Марк, Женя и «КАТЮША»
Дедушку Моню, маминого папу, я помню ровно столько, сколько помню свой мир. В паспорте он был записан так: Мордух Айзикович Лейкин — вот уж точно идишское, местечковое имя! На работе его звали Марк Исаакович, что, может быть, звучит менее местечково, но все равно очень по-еврейски.
Голубоглазый, нос картошкой, волосы светлые, зачесанные назад, — мне именно такими представлялись евреи из местечка. Кому знаком такой еврейский тип, сразу поймет. Кому не знаком, решит, что русский. Хотя русского в нем ничего не было, кроме языка. А говорил он, между прочим, на прекрасном литературном языке и без акцента.
Часто можно слышать: «мой кумир, мой идеал». У меня в жизни никогда никакого кумира или идеала не было. То есть не было в моей жизни человека, которому я был готов слепо верить и поклоняться. Но если говорить о некотором образце человеческих качеств и поведения — то это, несомненно, дед Марк. Есть люди, которых я очень уважаю, с которыми мне интересно и которые занимают в моей душе определенное место. И если строить пирамиду, иллюстрирующую мою оценку людей, то на самой вершине будет мой дедушка.
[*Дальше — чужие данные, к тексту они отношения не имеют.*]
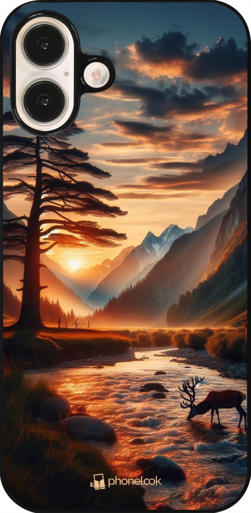 Coque iPhone 16 Plus - Valley Sunset Deer Tree
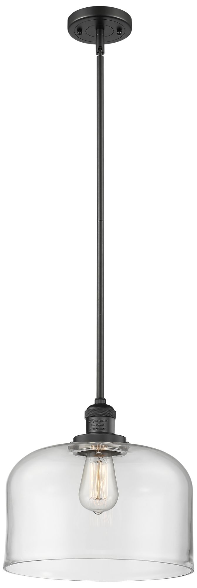 Franklin Restoration Bell 13" Black LED Stem Hung Pendant w/ Clear Sha

Мордух Лейкин родился в небольшом белорусском местечке Климовичи. Жизнь в традиционных местечках протекала бедно, скучно и предсказуемо. Вырваться из нее молодому человеку, который не хотел идти по стопам предков, было очень сложно. Особенно тому, кто родом из бедной семьи.
Но в феврале 1917 года в Российской империи произошла революция, после которой все царские законы, ограничивавшие права евреев — а их насчитывалось более ста пятидесяти! — были отменены. Наконец-то евреи получили возможность жить, где хотят, учиться в любых учебных заведениях, работать, где им угодно.
Сразу после окончания школы в 1923 году Марк Лейкин едет в Москву и устраивается на работу грузчиком на Казанском вокзале. Потом он три года работает рабочим на деревообрабатывающем заводе. Там же, на заводе, вступает в комсомол.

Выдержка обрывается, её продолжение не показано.